I recently implemented a SpellChecker using Apache Lucene. My code is provided below:
public void loadDictionary() {
try {
File dir = new File("c:/spellchecker/");
Directory directory = FSDirectory.open(dir);
spellChecker = new SpellChecker(directory);
Dictionary dictionary = new PlainTextDictionary(new File("c:/dictionary.txt"));
IndexWriterConfig config = new IndexWriterConfig(Version.LUCENE_40, null);
spellChecker.indexDictionary(dictionary, config, false);
} catch (IOException e) {
e.printStackTrace();
}
}
public String performSpellCheck(String word) {
try {
String[] suggestions = spellChecker.suggestSimilar(word, 1);
if (suggestions.length > 0) {
return suggestions[0];
}
else {
return word;
}
} catch (Exception e) {
return "Error";
}
}
The above code uses a dictionary of English words. I am having a problem with the accuracy. What I want it to do is suggest similar words to words that are spelled incorrectly (that is, words that do not appear in the dictionary being used).

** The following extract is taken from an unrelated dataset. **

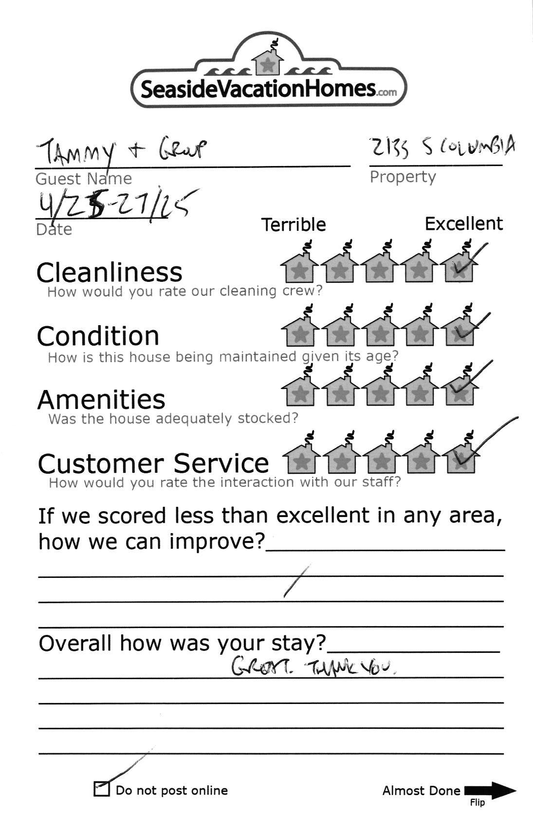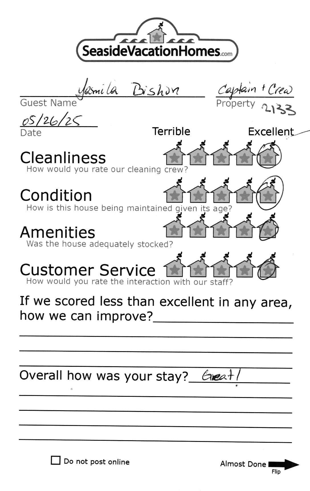 Example: "Is the balcony screened in?" or "Is there a toaster oven?"

However, if I send the word "post" to the performSpellCheck method, it returns "poet", that is, it is correcting words that do not need to be corrected (these words exist in the dictionary file).
Any suggestions on how I can improve my results?
I think, you should use SpellChecker.exists() method. Use suggestSimilar method only if the word does not exists in the dictionary.